A Python tool for detecting and anonymizing privacy-sensitive information in open-ended Dutch survey responses or other open answers.
SEAA helps identify and anonymize potentially privacy-sensitive information in text responses, particularly useful for processing survey data. Any csv file with open answers can be processed. It uses dictionary-based matching that is updated by user interaction to:
- Detect unknown words that might contain private information
- Flag known privacy-sensitive terms (names, medical conditions, etc.)
- Replace sensitive information with category markers (e.g., [NAME], [ILLNESS])
- Allow users to expand the whitelist/blacklist of words through interactive review
- User input is expanded in the dictionaries and used for future analyses
NOTE: this tool is primarily designed for Dutch text, but includes translation capabilities for non-Dutch responses.
Disclaimer: SEAA is a tool for anonimisation of text data, but does not replace a manual check of results nor can SEAA or it's creators be held responsible for misdetection of privacy-related data.
%%{init: {'sequence': {'theme': 'hand'}}}%%
sequenceDiagram
participant Input as Input Files
participant SEAA as SEAA Process
participant Dict as Dictionaries
participant User as User Review
participant Out as Output Files
Input->>SEAA: Standard CSV
activate SEAA
SEAA->>SEAA: Load & Clean Text
SEAA->>SEAA: Detect Language
alt Non-Dutch Text
SEAA->>SEAA: Translate to Dutch
end
loop Word Check
SEAA->>Dict: Check against dictionaries
Dict-->>SEAA: Return matches
end
SEAA->>Out: Write SEAA_output.csv
SEAA->>Out: Write unknown_words.csv
deactivate SEAA
loop For each unknown word
Out->>User: Present word
User->>Dict: Add to whitelist/blacklist
end
Dict->>Dict: Update dictionaries
Before installing SEAA, ensure you have:
- Python 3.7 or higher installed
- Git installed
- Basic understanding of command line operations
- A modern web browser (Chrome, Firefox, Safari, or Edge)
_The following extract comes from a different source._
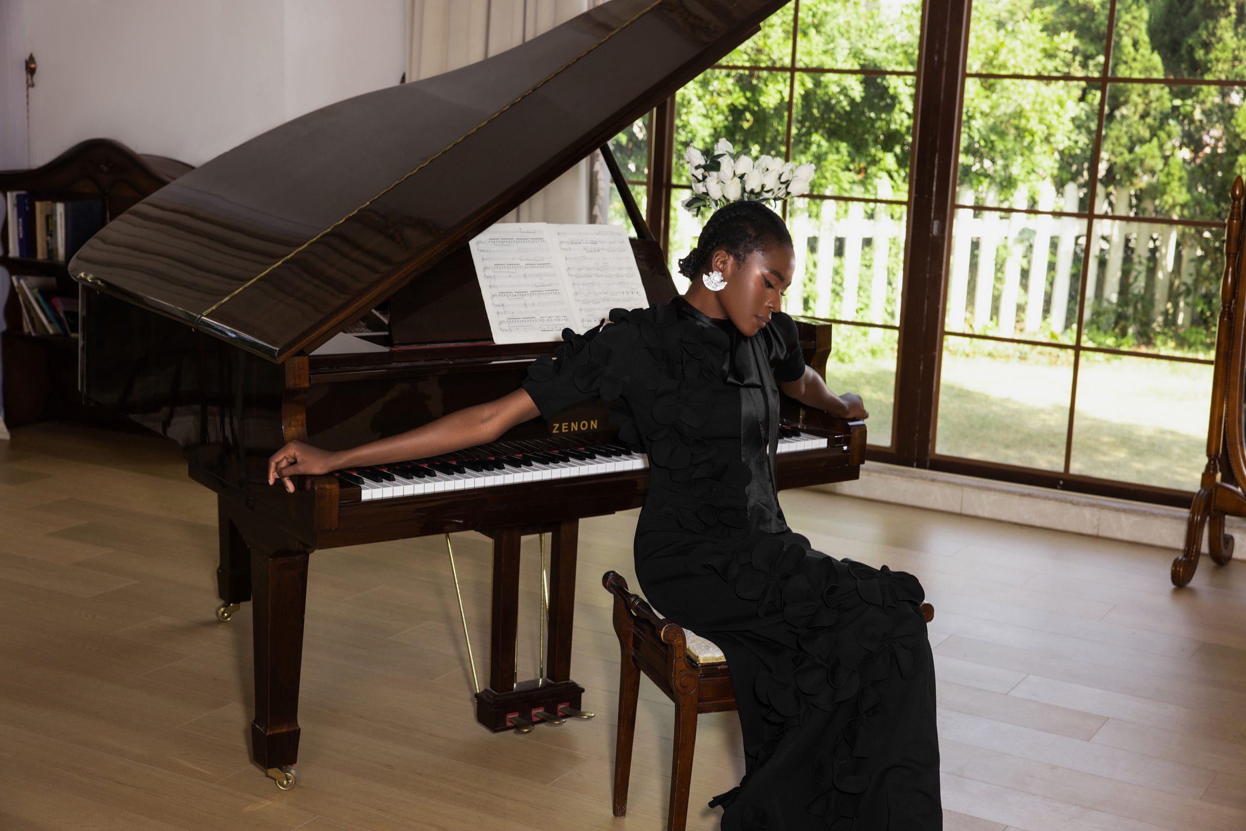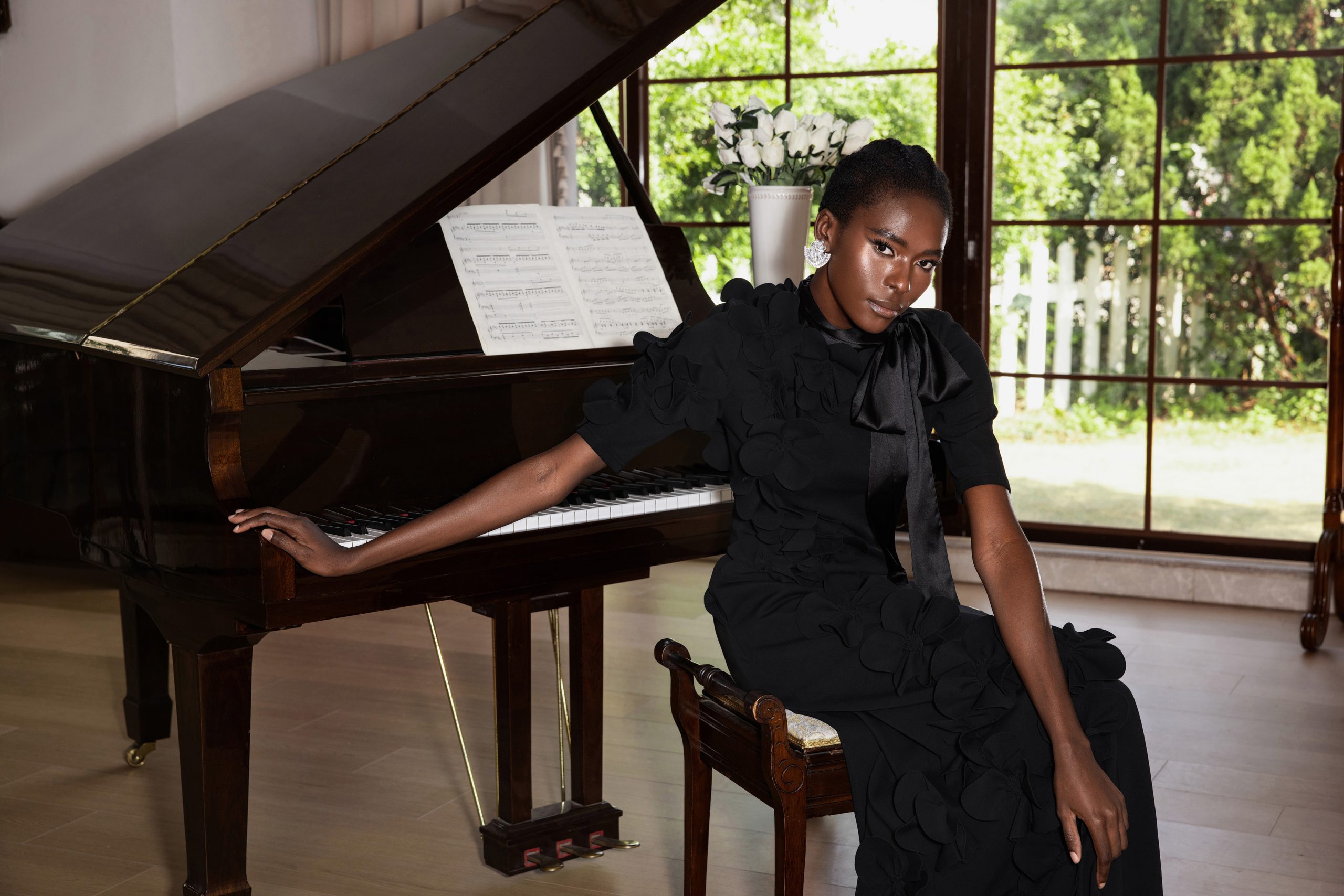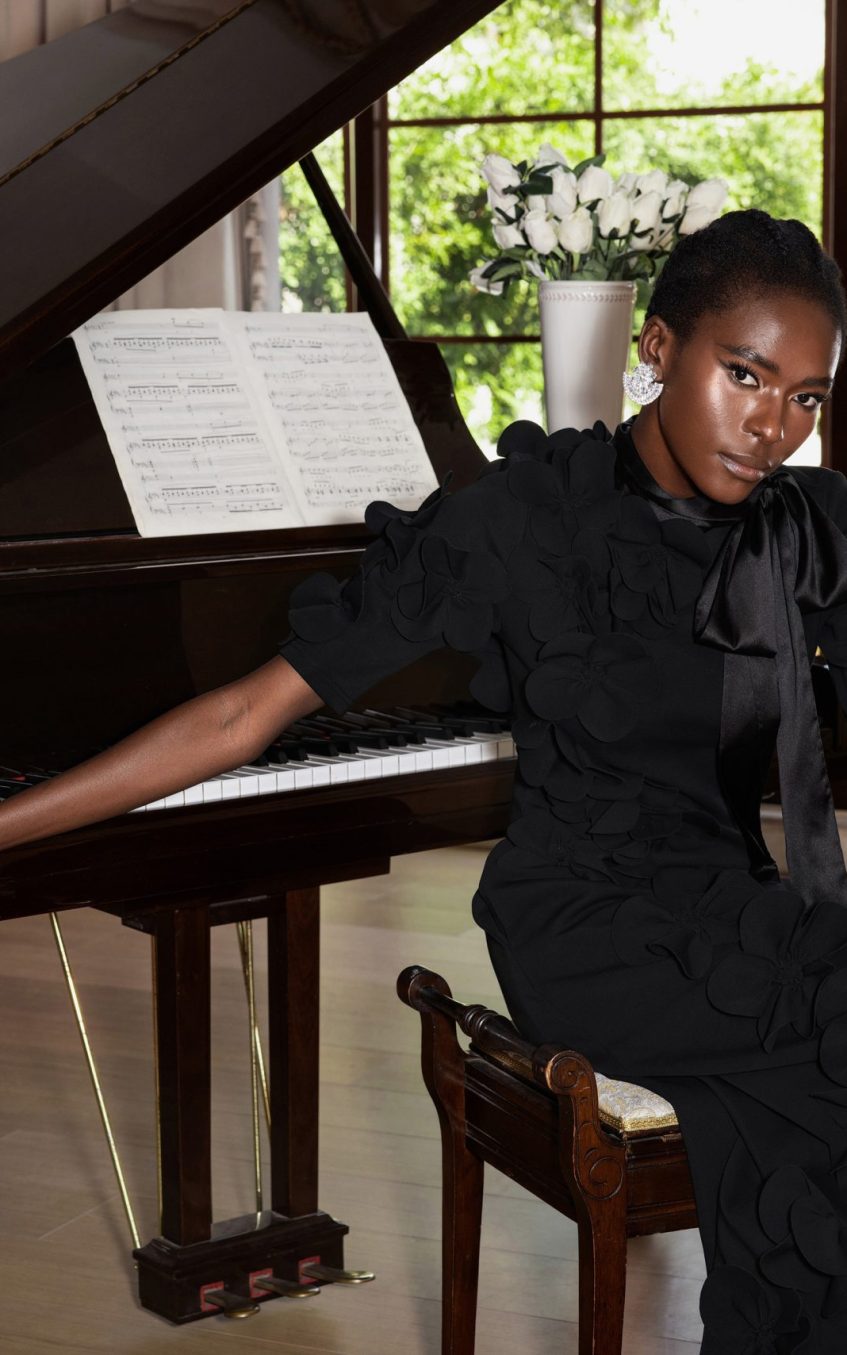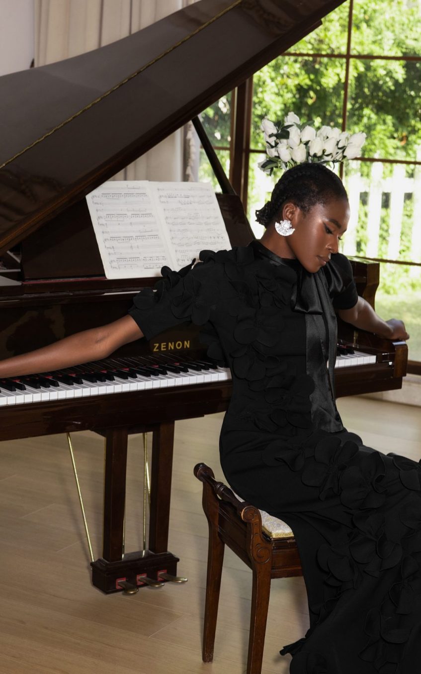 - Solid color. black. 3D flower. lace up. mid sleeve. maxi dress

- Clone the repository and switch to the AL_local_flask branch:
git clone https://github.com/uashogeschoolutrecht/SEAA.git
cd SEAA- Install required dependencies:
pip install -r requirements.txtSEAA provides a web interface for processing and anonymizing your data. There are two ways to run the application:
- Open a terminal in the project directory
- Run the Flask application:
python app.py- Open your web browser and navigate to:
http://localhost:5000
Note: The development server is not suitable for production use.
Once the application is running, you can:
- Access the main interface at
http://localhost:5000for file processing - View the documentation at
Documentation - Upload your CSV files through the web interface
- Process and download anonymized results
- Help improve the dictionaries through the interactive review process (optional)
Your input CSV file must:
- Use semicolon as the separator
- Contain these columns in order:
respondent_id- Unique identifier for each respondentAnswer- The text responses to analyzequestion_id- Identifier for the question being answered
Example input CSV format:
respondent_id;Answer;question_id
1001;"Mijn docent Peter heeft mij enorm geholpen";Q1
1002;"Ik had moeite met concentratie tijdens de lessen";Q1
The tool generates several output files:
-
SEAA_output.csv: Main analysis results containing:- Original text
- Censored text
- Privacy flags
- Detected sensitive words
-
avg_words_count.csv: List of unknown words for review -
Updated dictionary files in
dict/folder:whitelist.txt: Safe wordsblacklist.txt: Privacy-sensitive words
The SEAA_output.csv contains the following columns:
respondent_id: Original respondent identifierAnswer: Original text responsequestion_id: Original question identifieranswer_clean: Cleaned version of the text (lowercase, normalized)contains_privacy: Binary flag (1/0) indicating if privacy-sensitive content was detectedunknown_words: List of words not found in the dictionary or whitelistflagged_words: List of words matched against the privacy-sensitive dictionariesanswer_censored: Text with privacy-sensitive words replaced by category markers (e.g., [NAME], [ILLNESS]) and unknown words replaced by [UNKOWN]total_word_count: Total number of words in the responseunknown_word_count: Number of words not found in dictionaries (still need to be reviewed)flagged_word_count: Number of privacy-sensitive words detectedunknown_words_not_flagged: Unknown words that are not in the dictionariesflagged_word_type: Categories of privacy-sensitive content found (e.g., "name, illness")language: Detected language of the response (e.g., 'nl' for Dutch, 'en' for English)
Example row:
respondent_id;Answer;question_id;answer_clean;contains_privacy;unknown_words;flagged_words;answer_censored;total_word_count;unknown_word_count;flagged_word_count;unknown_words_not_flagged;flagged_word_type;language
1;"Mijn docent Peter heeft mij geholpen met mijn loopbaanbegleidingstraject";"Q1";"mijn docent peter heeft mij geholpen met mijn loopbaanbegleidingstraject";1;"";peter;"Mijn docent [NAME] heeft mij geholpen met mijn [UNKOWN]";10;0;1;;"name";"nl"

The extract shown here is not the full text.